StanfordLegion/legion

GASNet debug assert failure in Stencil on Perlmutter

Opened this issue · 3 comments

Ok, I got an assertion failure with a debug GASNet and release Legion:

*** FATAL ERROR: Assertion failure (proc 103): in gasnetc_ofi_handle_am() at anguage/gasnet/GASNet-2023.9.0/ofi-conduit/gasnet_ofi.c:1725: isreq == header->isreq
   op1 :           1 (0x00000001) == isreq
   op2 :           0 (0x00000000) == header->isreq

Full log here.

Originally posted by @rupanshusoi in #1449 (comment)

I moved this issue here from #1449 (comment) because this appears to be a different underlying root cause.

Summary:

  • Perlmutter
  • Regent Stencil (modified version that includes a nested control replicated task)
  • Original symptoms look like: #1449 (comment)
  • Does NOT reproduce with debug GASNet + debug Legion
  • Does reproduce with debug GASNet + release Legion (with assert failure at top of this issue)

I haven't seen this one before so maybe @bonachea @PHHargrove can comment?

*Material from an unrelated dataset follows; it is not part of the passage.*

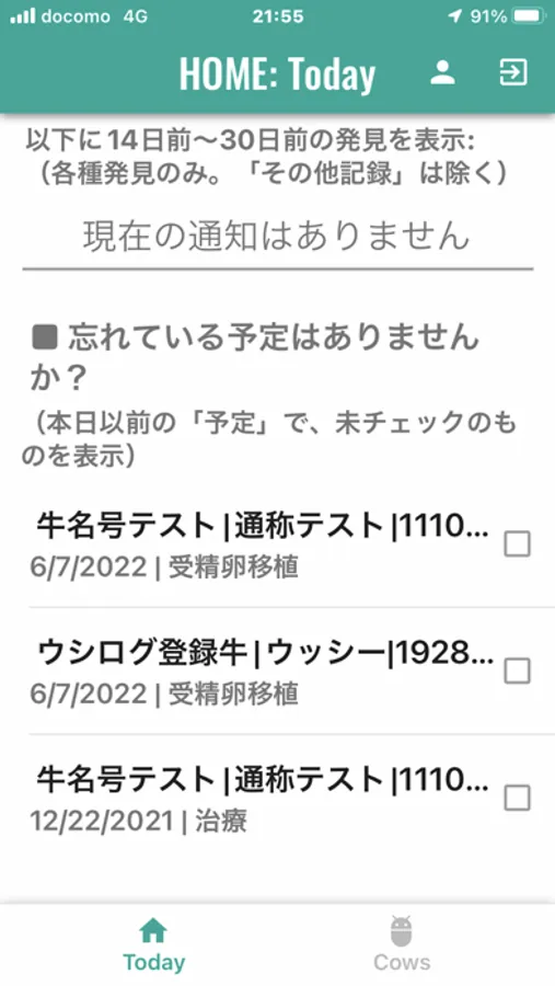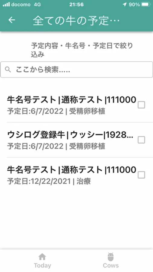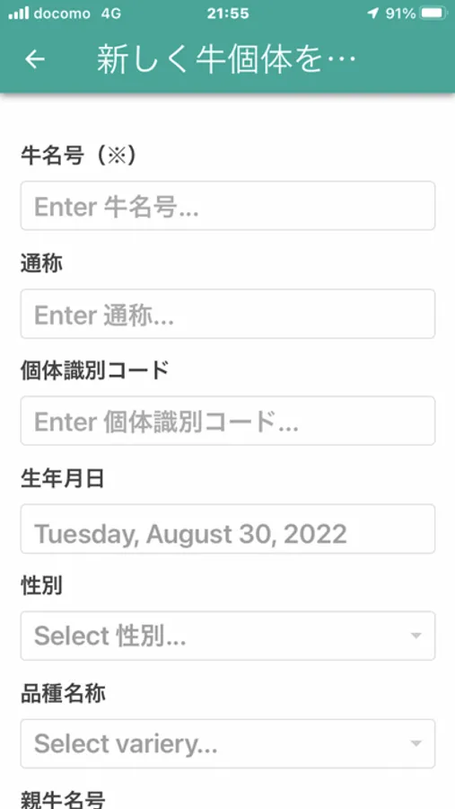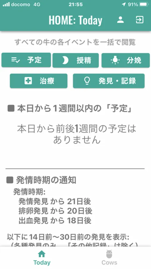 ■登録した牛個体に紐づく、下記5種のイベント内容の追加・編集・削除。各イベントには日時や支出金額などを記録可能。

This assertion failure is one of the three known manifestations of "the FI_MULTI_RECV bug".
Specifically, the provider has delivered a message buffer to us which is all zeros which happens to result in a detectable inconsistency in our header.

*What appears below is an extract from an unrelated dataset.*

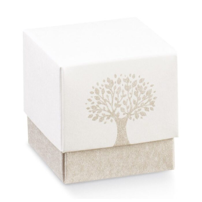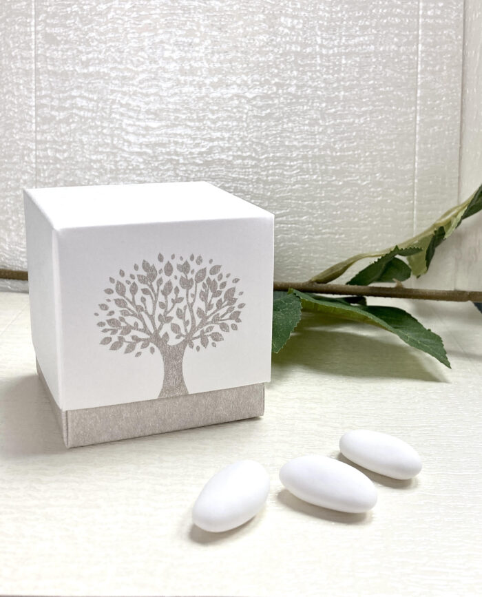 Scatolina-cubo porta confetti, in cartone, con albero della vita stampato, completo di bigliettino tondo personalizzato.

Please let me know immediately if this has occurred when running with GASNET_OFI_RECEIVE_BUFF_SIZE=recv, since that would not use FI_MULTI_RECV and therefore be a new/different issue.

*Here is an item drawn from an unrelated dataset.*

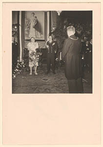 - H.K.H. Prinses Juliana en Z.K.H. Prins Bernhard der Nederlanden bij burgemeester Bleeker in de Raadszaal tijdens een bezoek aan Dordrecht.
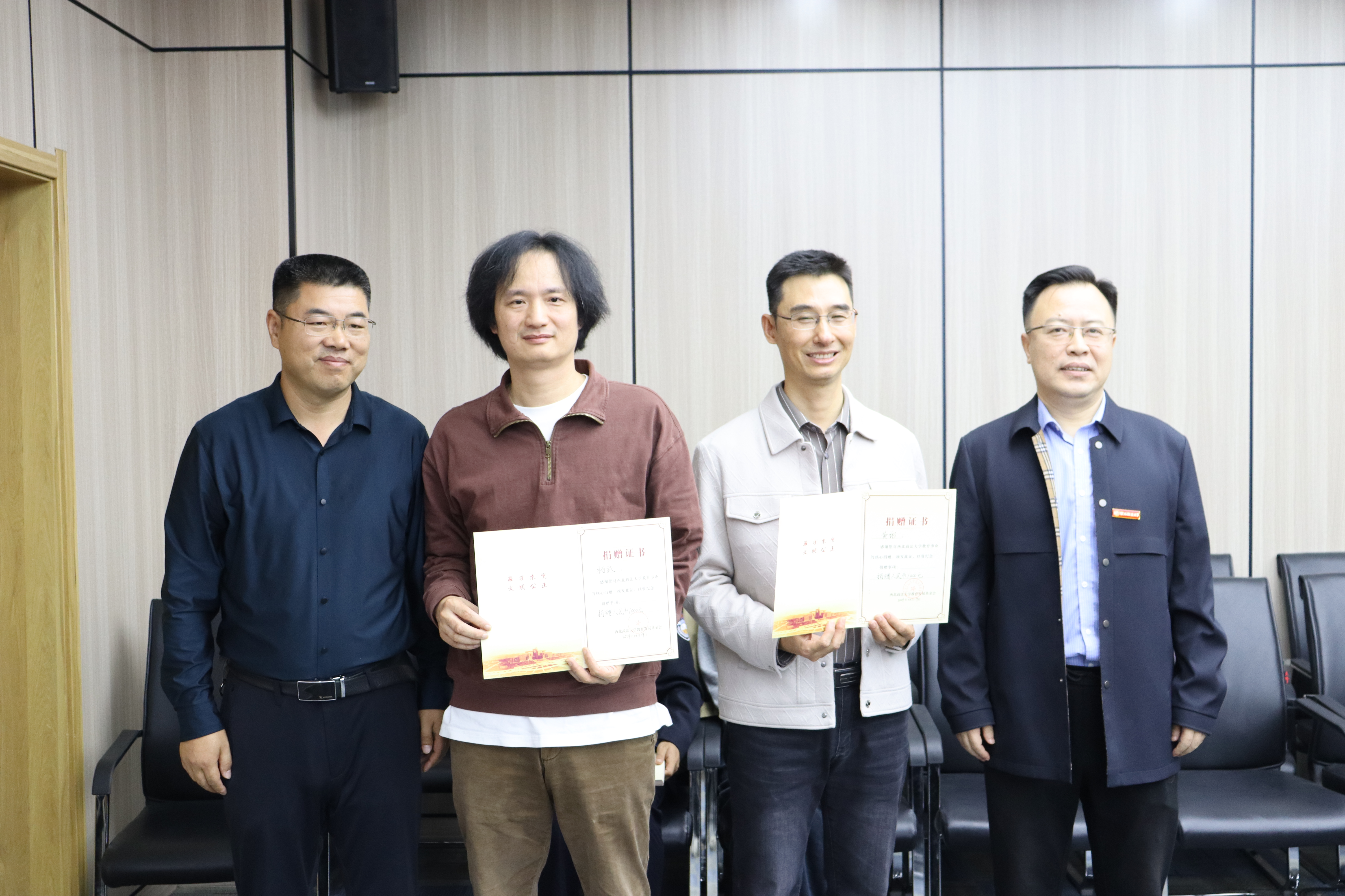 ▲李永宁、闫小军代表海角社区 向黄彬和杨武颁发捐赠证书

Regarding "Does NOT reproduce with debug GASNet + debug Legion":
That could be either a timing or "chance" issue. In extensive work with the MetaHipMer team, this failure mode (one of three believe to be related to multi-recv buffer handing in the provider) probably accounted for at most 1% of their bad runs.

Please tell me if the failing run took place before or after the Perlmutter maintenance of March 20.
If was after, then this is evidence that the issue is still present in SlingShot 2.1.2.

As far as I'm aware, this run did not use GASNET_OFI_RECEIVE_BUFF_SIZE=recv. And it was after the March 20 maintenance.